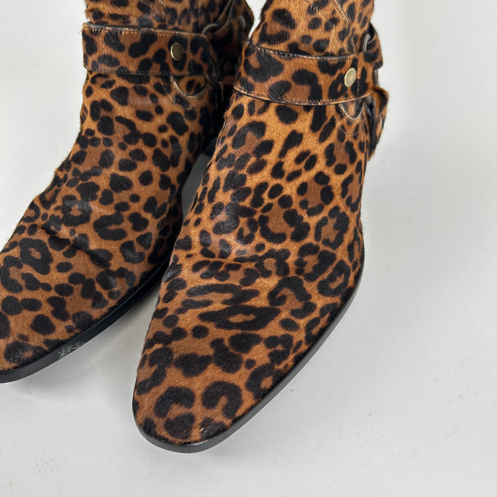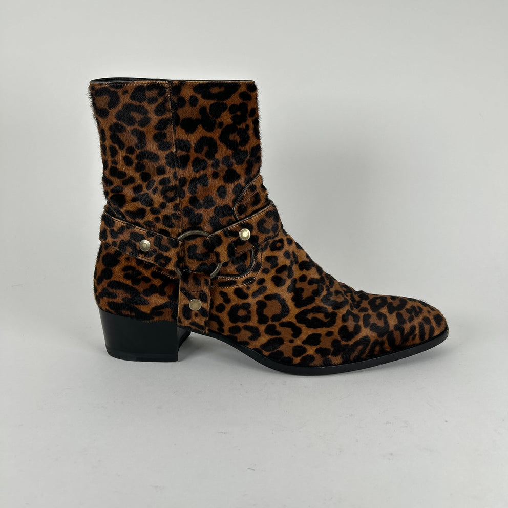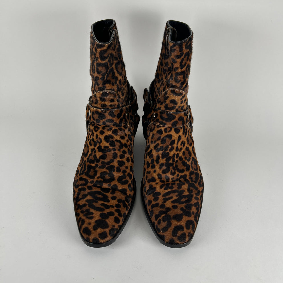 Saint Laurent Ponyhair Leopard Wyatt Boots Size 45
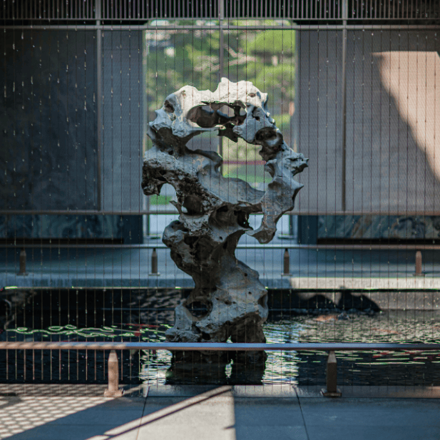 近40吨汉白玉、近100吨原生太湖石、巴金西口“璀璨年华”奢石、300岁高龄的进口珊瑚枫、20年红梅,数十年贵妃罗汉松、羽毛枫和黑松,近百年的原生紫薇……随处可见。
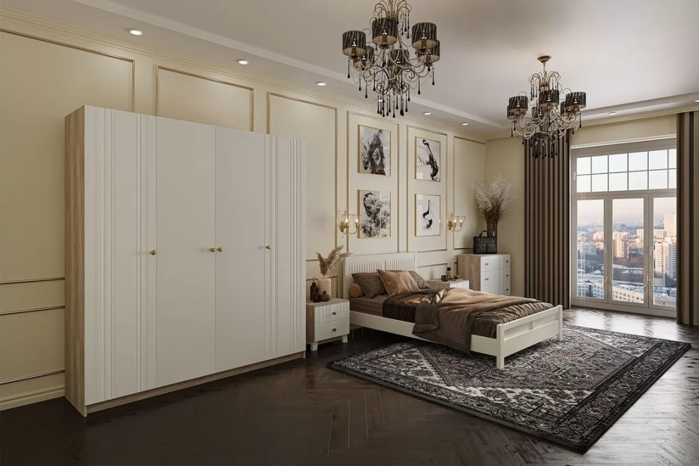 Длина - 540 мм Ширина - 1499 мм Высота - 2204 мм Срок службы - 7 лет Гарантийный срок - 18 месяцев Монтаж - Требует сборки Фрезеровка фасада - Да Материал фасада - МДФ Материал корпуса - ЛДСП Количество дверей - 4 шт Фурнитура - Шариковые направляющие полного выдвижения, Штанга для одежды Коллекция - Спальня «Ланзетти» (жемчуг) Цвет корпуса - Дуб Торонто Цвет фасада - Жемчуг
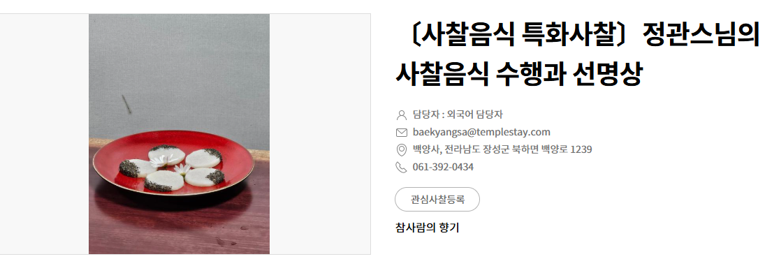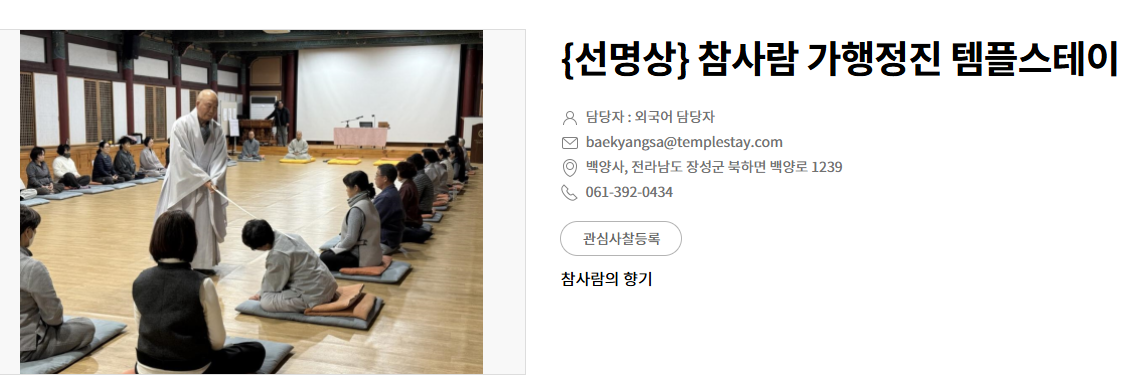 - 문의처: 061-392-0434 / baekyangsa@templestay.com
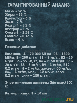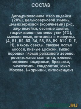 Дегидрированное мясо индейки (28%), цельнозерновой ячмень, цельнозерновой (коричневый) рис, жир индейки, овсяные хлопья, гидролизованное мясо утки (4%), льняное семя, витамины и минералы (А, B1, В2, B3, B4, B5, B6, B9, B12, D, Е, H), мякоть свеклы, свежее масло лосося, пивные дрожжи, тыква, порошок плодов рожкового дерева, растительная клетчатка, клюква, морские водоросли, брокколи, глюкозамин, хондроитин, юкка Мохаве, L-карнитин, антиоксидант.
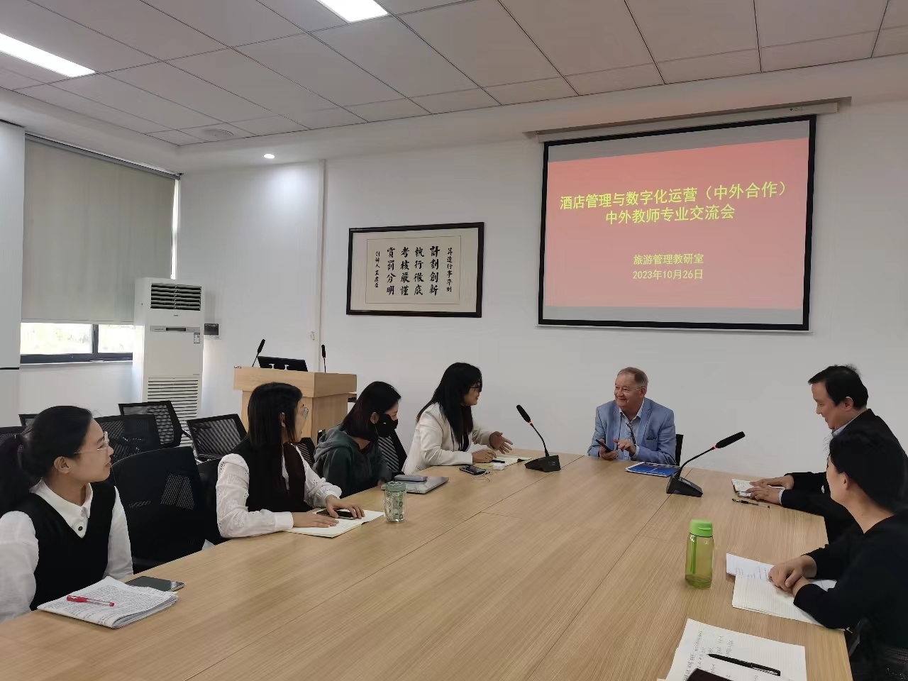 为了不断提高酒店管理与数字化运营(中外合作办学)专业的教学质量,推进公司中外合作办学教学工作良好运行,旅游管理教研室根据本学期教学工作部署,2023年10月26日下午,在2号楼209举行中外方教师教学经验交流会,会议由教研室主任李裔辉主持,特邀外方教师Charels与中方教师共同参会。
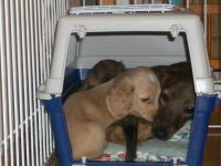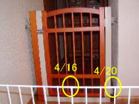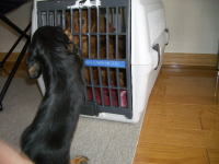 食欲旺盛のチビ達は、大好きなごはんが出てくる場所を良く知っている。私がキッチンに入るとみんな、ぞろぞろとこの扉前に集まりピーピーうるさく鳴いています。先日、ナナが柵を通り抜けようとしてお腹の辺りでひっかかってしまったので(4/16印のところ)、扉にダンボールを貼りました。もう通り抜けの心配はないと思っていた私の考えは甘かった。夕食の時間帯なのでチビ達もお腹が空いていたのでしょうか。ピーピー鳴いていたと思ったら、ヒィーヒィーと鳴く子がいる。どうしたかなと覗いたら、またもやナナ。今度は頭が抜けなくなって鳴いていました(4/20印が現場)。この鳴き声はただ事ではないと思ったモモとリンゴも駆けつける。必死に頭を抜こうとするナナを右手でなだめながら、左手で扉を外し救出。絶対に通り抜けしようと思わない隙間に頭を入れたナナ。救出された後しばらく、私の膝の上で不思議そうな表情。やんちゃなナナらしくすぐに遊んでいました。仔犬にはありえないことはないんですね。少しでも目を離すときはサークルに入れておかないといけないと反省しました。 |
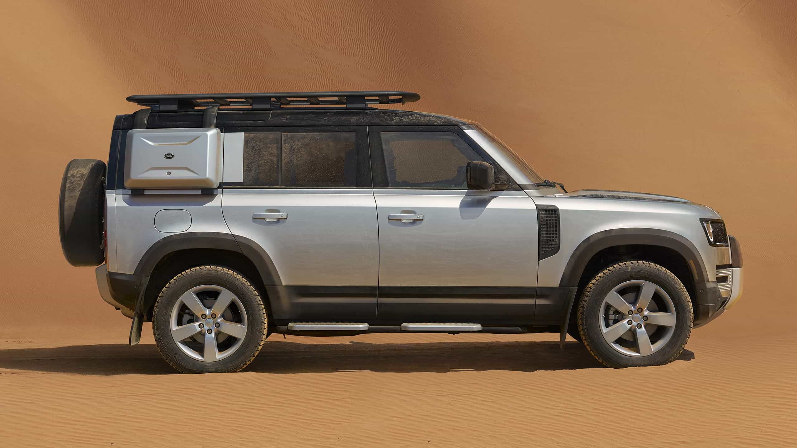 2V případě instalace na model 110 s terénními pneumatikami. Není k dispozici pro modely Defender V8. Dynamické zatížení střechy modelů Defender V8 je 0 kg.
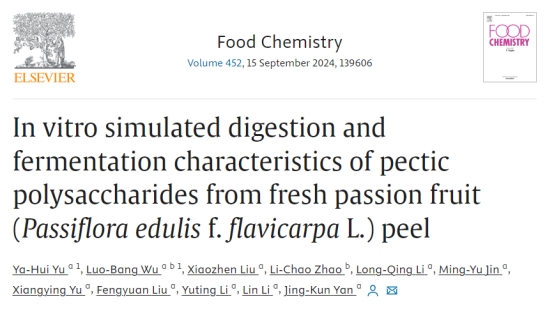 闫景坤教授团队于国际食品顶级期刊《Food Chemistry》在线发表题为“In vitro simulated digestion and fermentation characteristics of pectic polysaccharides from fresh passion fruit (Passiflora edulis f. flavicarpa L.) peel”的研究性文章。论文第一作者为于亚辉博士,通讯作者为闫景坤教授。
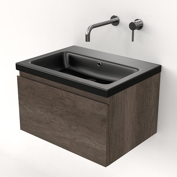| Bellanti Solo/Amelia badmeubel 60x46 1 softclose lade olm donker grijs greeploos keramische wastafel zwart mat zonder kraangaten |

====

YOUR OBJECTIVE:
In the listing above, find the line with "近40吨汉白玉、近100吨原" and the line with "- 문의처: 061-392-0434". Copy both of them and every line between, exactly, but not the pictures.

TASK ANSWER:
 近40吨汉白玉、近100吨原生太湖石、巴金西口“璀璨年华”奢石、300岁高龄的进口珊瑚枫、20年红梅,数十年贵妃罗汉松、羽毛枫和黑松,近百年的原生紫薇……随处可见。
 Длина - 540 мм Ширина - 1499 мм Высота - 2204 мм Срок службы - 7 лет Гарантийный срок - 18 месяцев Монтаж - Требует сборки Фрезеровка фасада - Да Материал фасада - МДФ Материал корпуса - ЛДСП Количество дверей - 4 шт Фурнитура - Шариковые направляющие полного выдвижения, Штанга для одежды Коллекция - Спальня «Ланзетти» (жемчуг) Цвет корпуса - Дуб Торонто Цвет фасада - Жемчуг
 - 문의처: 061-392-0434 / baekyangsa@templestay.com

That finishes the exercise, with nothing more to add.